Fig. 6: 3D Random-access imaging with 3D-DyFI and piezo stage-based confocal system.

a Three-dimensional image of three fluorescent beads embedded in agarose obtained with 3D-DyFI. The particles are labeled with A, B, and C, respectively. b The segmentary intensity trace of the three fluorescent beads in (a). The illumination time in each period is 2 ms. The lines in different colors indicate different particles as labeled in (a).
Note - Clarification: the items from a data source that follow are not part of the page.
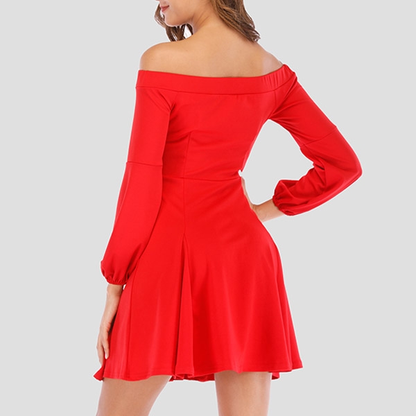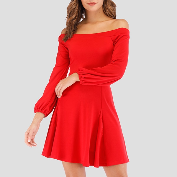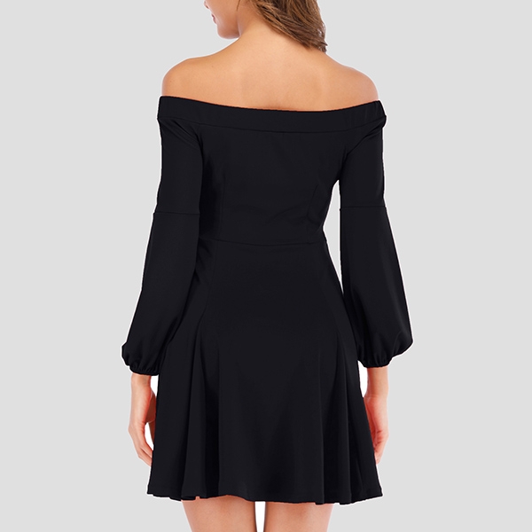 Solid color style,the off-shoulder boat neck and lantern sleeve design are the highlights.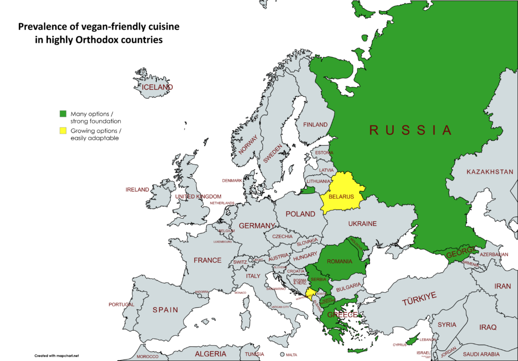 Consequently, for the purposes of this post, we’ll be looking at food from Türkiye’s neighbor Georgia, which is in the top five predominantly Eastern Orthodox countries in the world, with 83% of its people identifying as such. Georgia is considered Eastern European, a category of cuisine I always believed to be heavy in animal products (and it is). While that is the case, there are also many vegan, vegan-friendly, or vegan-adaptable options for fasting, plus a healthy familiarity with a range of spices, given its location between Eastern Europe and Western Asia. Georgian cuisine features vegetable patties, nut-stuffed eggplant, bean stews, and mushroom dumplings, all of which sounded delicious to me. [18] Sadly, there aren’t many options for restaurants around Pittsburgh, but I found a few in Philly to try out on a future trip back east. For the time being, however, I have the internet and my kitchen.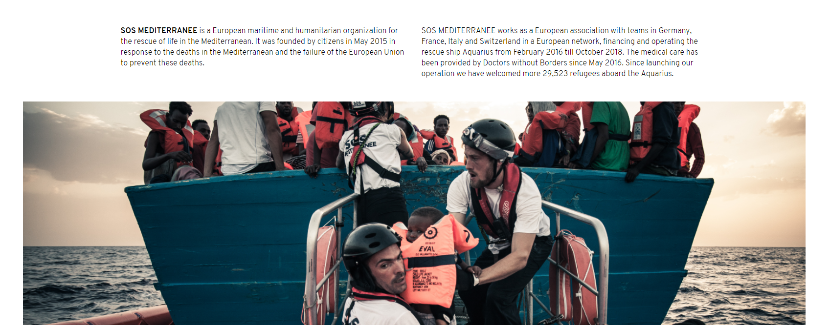 De pe pagina SOS Méditerranée aflăm că ei sunt o organizație umanitară fondată în mai 2015 ca răspuns la refugiații morți în Marea Mediterană și la eșecul U.E. de a preveni aceste morți.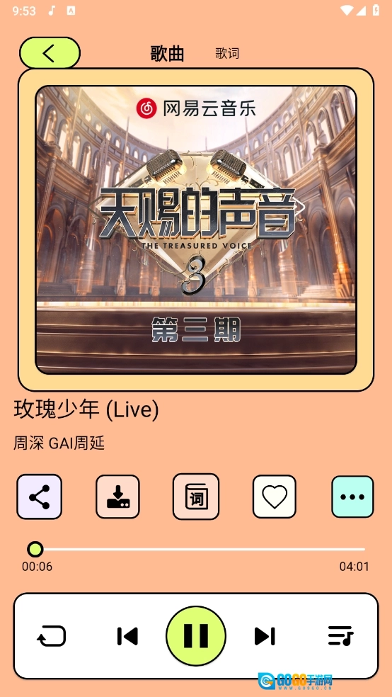 最后在音源中选择喜欢的歌曲,点击播放即可。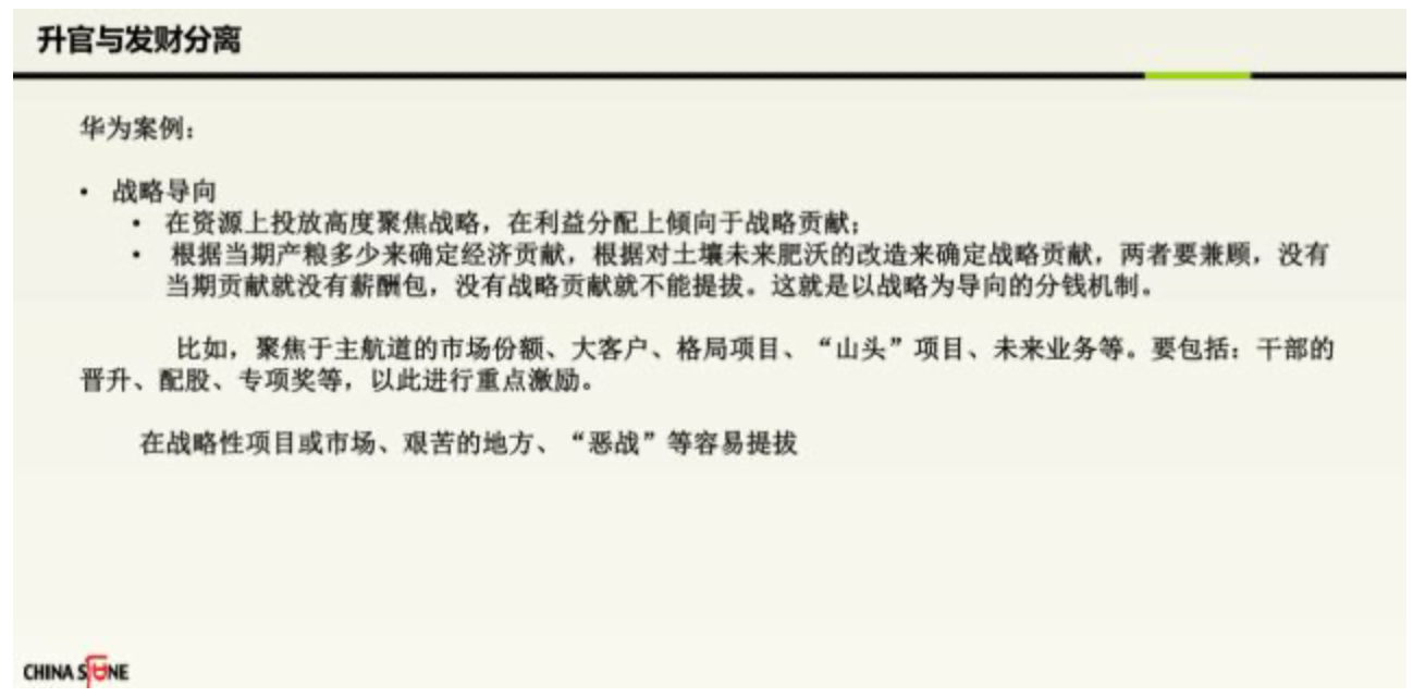 人才管理的关键在于机制,机制是什么?简练总结,就是凭什么获取报酬、凭什么分配资源。华为人才管理做得好的地方就是,“升官”与“发财”分离(升官可以理解为晋升、中长期利益;发财以短期利益为主,达标就拿钱),考核与评价分离(对基层员工以考核为主;对于中高层,要以价值观来评价),人与事分离(对于人与事的评价,有两套体系)。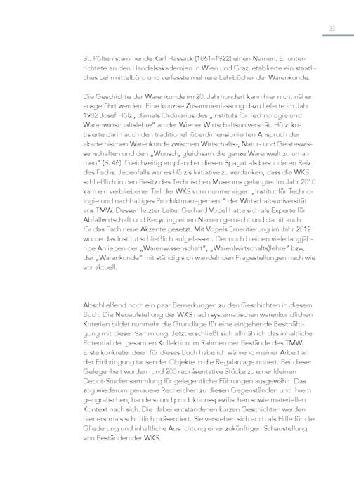 33 St. Pölten stammende Karl Hassack(1861–1922) einen Namen. Er unterrichtete an den Handelsakademien in Wien und Graz, etablierte ein staatliches Lehrmittelbüro und verfasste mehrere Lehrbücher der Warenkunde. Die Geschichte der Warenkunde im 20. Jahrhundert kann hier nicht näher ausgeführt werden. Eine konzise Zusammenfassung dazu lieferte im Jahr 1982 Josef Hölzl, damals Ordinarius des„Instituts für Technologie und Warenwirtschaftslehre“ an der Wiener Wirtschaftsuniversität. Hölzl kritisierte darin auch den traditionell überdimensionierten Anspruch der akademischen Warenkunde zwischen Wirtschafts-, Natur- und Geisteswissenschaften und den„Wunsch, gleichsam die ganze Warenwelt zu umarmen“(S. 46). Gleichzeitig empfand er diesen Spagat als besonderen Reiz des Fachs. Jedenfalls war es Hölzls Initiative zu verdanken, dass die WKS schließlich in den Besitz des Technischen Museums gelangte. Im Jahr 2010 kam ein verbliebener Teil der WKS vom nunmehrigen„Institut für Technologie und nachhaltiges Produktmanagement“ der Wirtschaftsuniversität ans TMW. Dessen letzter Leiter Gerhard Vogel hatte sich als Experte für Abfallwirtschaft und Recycling einen Namen gemacht und damit auch für das Fach neue Akzente gesetzt. Mit Vogels Emeritierung im Jahr 2012 wurde das Institut schließlich aufgelassen. Dennoch bleiben viele langjährige Anliegen der„Warenwissenschaft“,„Waren(wirtschafts)lehre“ bzw. der„Warenkunde“ mit ständig sich wandelnden Fragestellungen nach wie vor aktuell. Abschließend noch ein paar Bemerkungen zu den Geschichten in diesem Buch. Die Neuaufstellung der WKS nach systematischen warenkundlichen Kriterien bildet nunmehr die Grundlage für eine eingehende Beschäftigung mit dieser Sammlung. Jetzt erschließt sich allmählich das inhaltliche Potential der gesamten Kollektion im Rahmen der Bestände des TMW. Erste konkrete Ideen für dieses Buch habe ich während meiner Arbeit an der Einbringung tausender Objekte in die Regalanlage notiert. Bei dieser Gelegenheit wurden rund 200 repräsentative Stücke zu einer kleinen Depot-Studiensammlung für gelegentliche Führungen ausgewählt. Das zog wiederum genauere Recherchen zu diesen Gegenständen und ihrem geografischen, handels- und produktionsspezifischen sowie materiellen Kontext nach sich. Die dabei entstandenen kurzen Geschichten werden hier erstmals schriftlich präsentiert. Sie verstehen sich auch als Hilfe für die Gliederung und inhaltliche Ausrichtung einer zukünftigen Schaustellung von Beständen der WKS.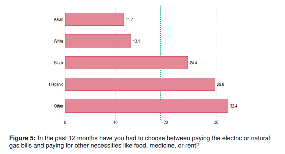 - Payment hardships: About 21% of Texans reported difficulty paying their energy bills at least three times in the past year, and 19% had to choose between paying for energy and essentials such as food, medicine or rent. Hardship rates were higher among Black (24%), Hispanic (30%) and other race/ethnicity (32%) respondents, compared with 13% of white and 12% of Asian households.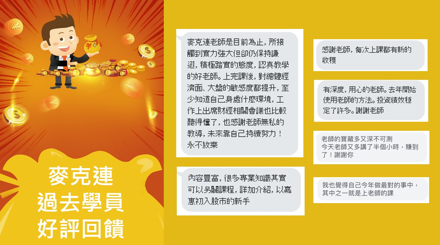 麥克連著有「小散戶這樣追籌碼賺1億」、「追籌碼賺1億(2)--麥克連教你挑選會飆的法人認養股」兩本著作,也在大學社團、社區大學、各大財經媒體演講及授課,因應美國新總統川普上任,以及開始步入升息循環,全球景氣轉趨向上,如何利用籌碼判別大盤趨勢,如何挑選優質股票及買賣切入點,並特別針對利用景氣循環的長線股標的選擇,在課程中會有詳細清楚的解說。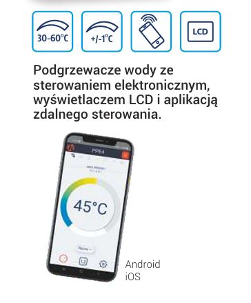 Podgrzewacz wody ze sterowaniem elektronicznym, wyświetlaczem LCD i aplikacją zdalnego sterowania.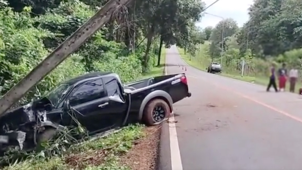 กาญจนบุรี กระบะลักลอบขนแรงงานต่างด้าว ซิ่งหนี ตร. ก่อนเสียหลักพุ่งชนเสาไฟข้างทางรถพังยับ แรงงานเถื่อนชาวพม่าเจ็บยกคัน 21 ราย ส่วนคนขับ อาศัยช่วงชุลมุนหลบหนีไปได้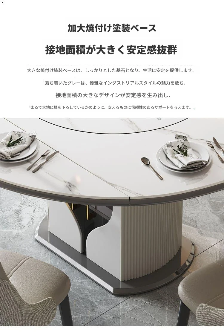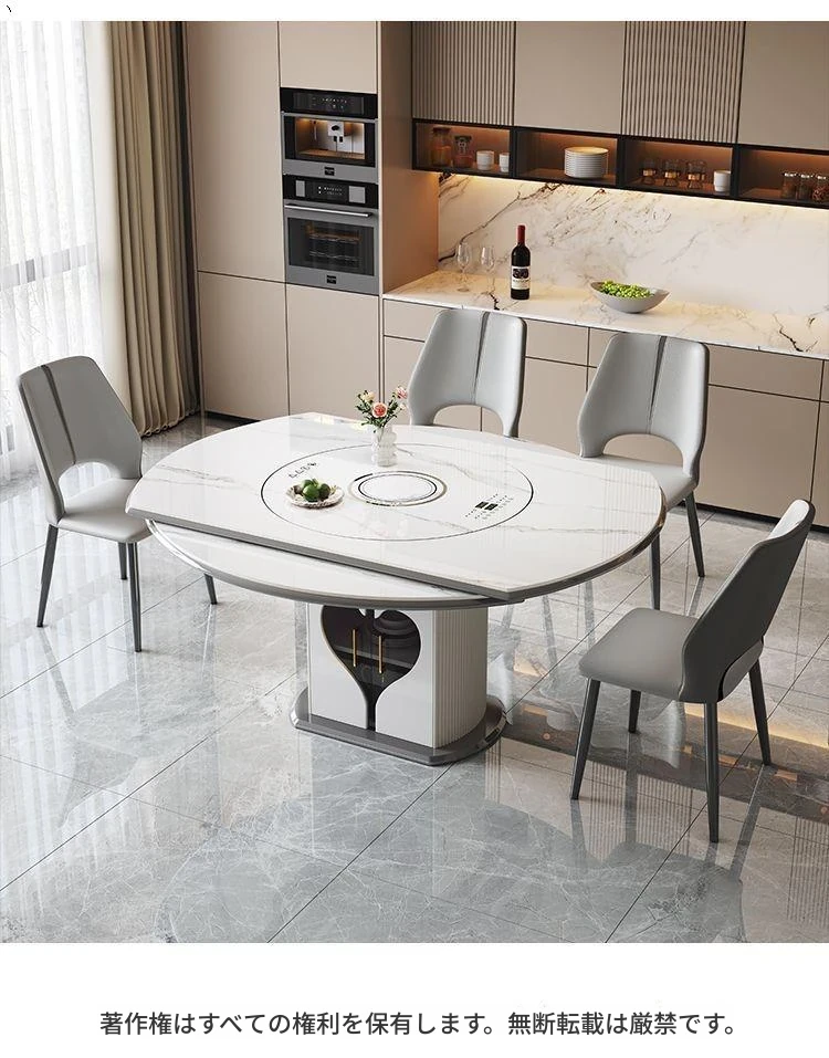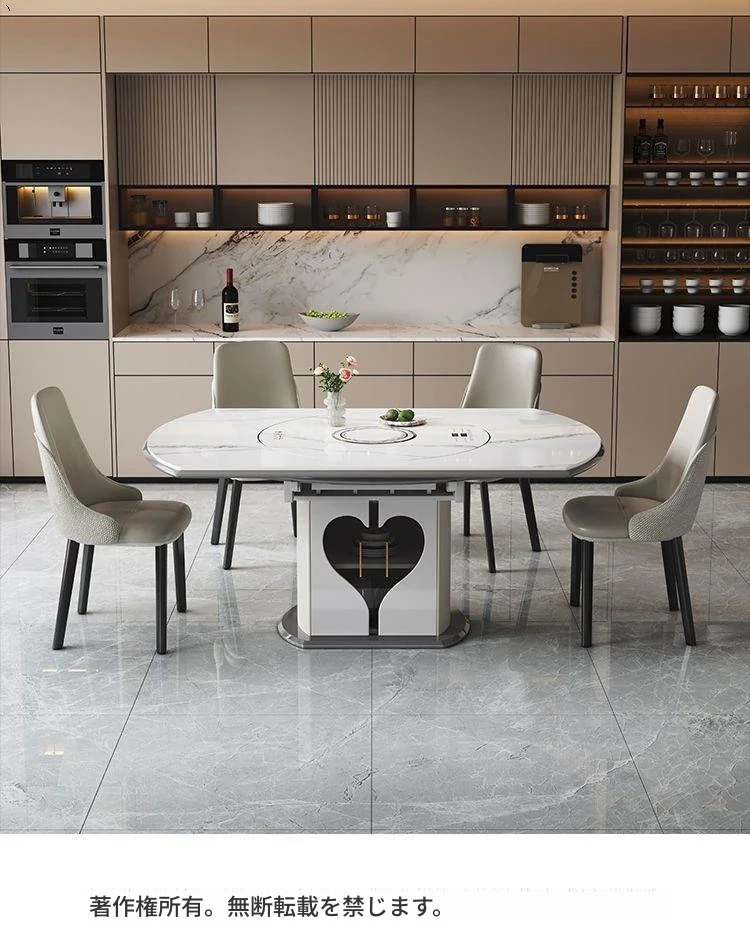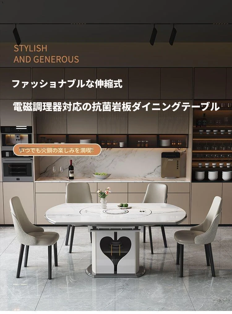 1.35メートル収納キャビネットダイニングテーブル+星空椅子*8【スマート音声温菜ボードプレゼント】回転式電磁調理器一体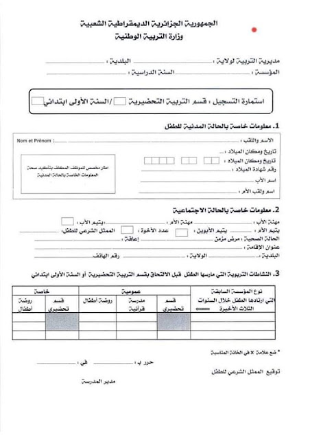 انطلاق التسجيلات الخاصة بالتحضيري والسنة الأولى إبتدائي 2020 2021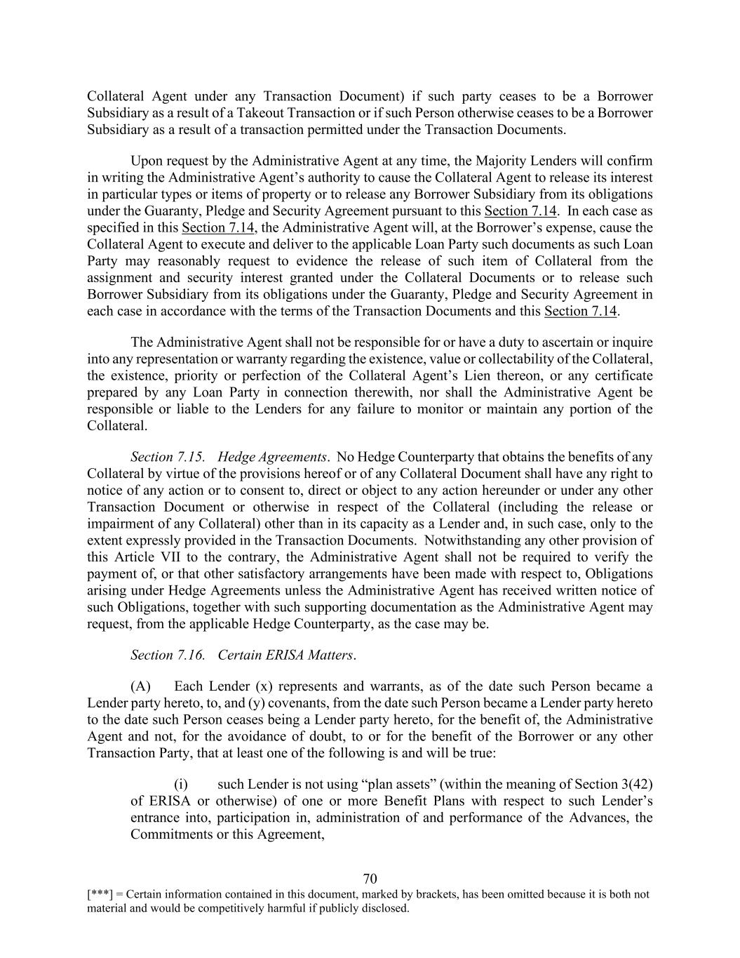 70 [***] = Certain information contained in this document, marked by brackets, has been omitted because it is both not material and would be competitively harmful if publicly disclosed. Collateral Agent under any Transaction Document) if such party ceases to be a Borrower Subsidiary as a result of a Takeout Transaction or if such Person otherwise ceases to be a Borrower Subsidiary as a result of a transaction permitted under the Transaction Documents. Upon request by the Administrative Agent at any time, the Majority Lenders will confirm in writing the Administrative Agent’s authority to cause the Collateral Agent to release its interest in particular types or items of property or to release any Borrower Subsidiary from its obligations under the Guaranty, Pledge and Security Agreement pursuant to this Section 7.14. In each case as specified in this Section 7.14, the Administrative Agent will, at the Borrower’s expense, cause the Collateral Agent to execute and deliver to the applicable Loan Party such documents as such Loan Party may reasonably request to evidence the release of such item of Collateral from the assignment and security interest granted under the Collateral Documents or to release such Borrower Subsidiary from its obligations under the Guaranty, Pledge and Security Agreement in each case in accordance with the terms of the Transaction Documents and this Section 7.14. The Administrative Agent shall not be responsible for or have a duty to ascertain or inquire into any representation or warranty regarding the existence, value or collectability of the Collateral, the existence, priority or perfection of the Collateral Agent’s Lien thereon, or any certificate prepared by any Loan Party in connection therewith, nor shall the Administrative Agent be responsible or liable to the Lenders for any failure to monitor or maintain any portion of the Collateral. Section 7.15. Hedge Agreements. No Hedge Counterparty that obtains the benefits of any Collateral by virtue of the provisions hereof or of any Collateral Document shall have any right to notice of any action or to consent to, direct or object to any action hereunder or under any other Transaction Document or otherwise in respect of the Collateral (including the release or impairment of any Collateral) other than in its capacity as a Lender and, in such case, only to the extent expressly provided in the Transaction Documents. Notwithstanding any other provision of this Article VII to the contrary, the Administrative Agent shall not be required to verify the payment of, or that other satisfactory arrangements have been made with respect to, Obligations arising under Hedge Agreements unless the Administrative Agent has received written notice of such Obligations, together with such supporting documentation as the Administrative Agent may request, from the applicable Hedge Counterparty, as the case may be. Section 7.16. Certain ERISA Matters. (A) Each Lender (x) represents and warrants, as of the date such Person became a Lender party hereto, to, and (y) covenants, from the date such Person became a Lender party hereto to the date such Person ceases being a Lender party hereto, for the benefit of, the Administrative Agent and not, for the avoidance of doubt, to or for the benefit of the Borrower or any other Transaction Party, that at least one of the following is and will be true: (i) such Lender is not using “plan assets” (within the meaning of Section 3(42) of ERISA or otherwise) of one or more Benefit Plans with respect to such Lender’s entrance into, participation in, administration of and performance of the Advances, the Commitments or this Agreement,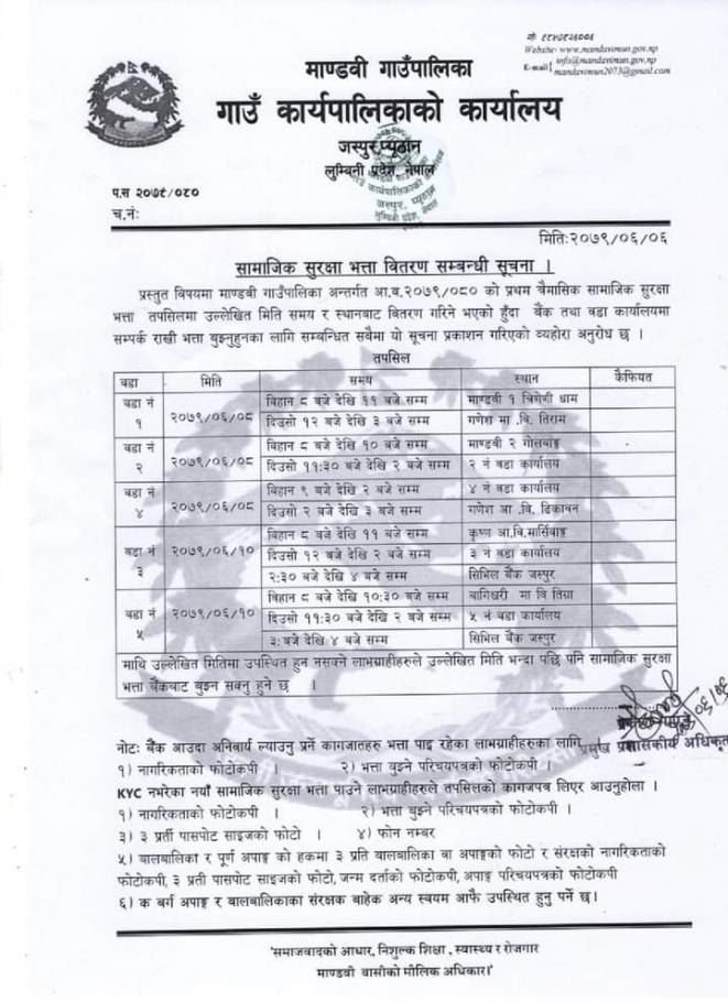 Home » सामाजिक सुरक्षा भत्ता वितरण सम्बन्धि सूचना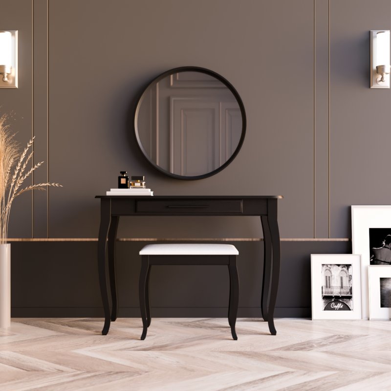 Для зберігання косметичних засобів та аксесуарів передбачений висувний ящик на безшумних напрямних, він дозволяє прибрати з поверхні все, що має бути приховано від сторонніх очей. Габаритні розміри столу становлять (В/Ш/Г): 760 1000 470 мм.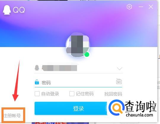 首先我们打开QQ,在弹出的登录对话框中,我们点击左下角的“注册账号”。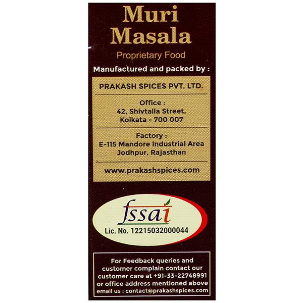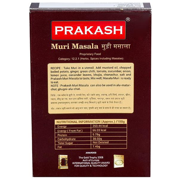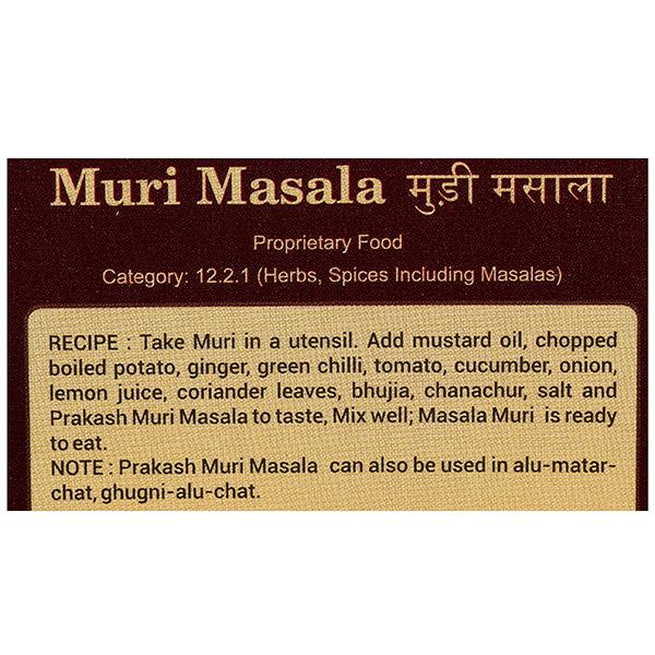 Take Muri in a utensil.Add mustard oil, chopped boiled potato, ginger, green chilli, tomato, cucumber, onion, lemon juice, coriander leaves, bhujia, chanachur, salt and PrakashMuri Masala to taste, mix well; Masala muri is ready to eat. Note: PrakashMuri Masala can also be used in alu-matar chat, ghugni-alu-chat.

The continuous intensity trace from three fluorescent beads with 2 ms illumination time (c) and 5 ms illumination (d) in each imaging period. The magenta lines show the z position of laser focus, obtained from the input of 3D dynamics focusing system. The fluorescence intensity is bin in 400 μs, considered the about 800 μs response time of 3D dynamic focusing system. e Three-dimensional image of three fluorescent beads embedded in agarose obtained with piezo stage-based confocal system. The particles are labeled with A, B, and C, respectively. f The segmentary intensity trace of the three fluorescent beads in (e). The illumination time in each period is 50 ms. The lines in different colors indicate different particles as labeled in (e). The continuous intensity trace from three fluorescent beads with 10 ms illumination time (g) and 50 ms illumination (h) in each imaging period. The magenta lines show the readout position from the piezoelectric stage controller. The yellow line indicates the input position of the piezoelectric stage controller. The color indicates fluorescence intensity in (a) and (e).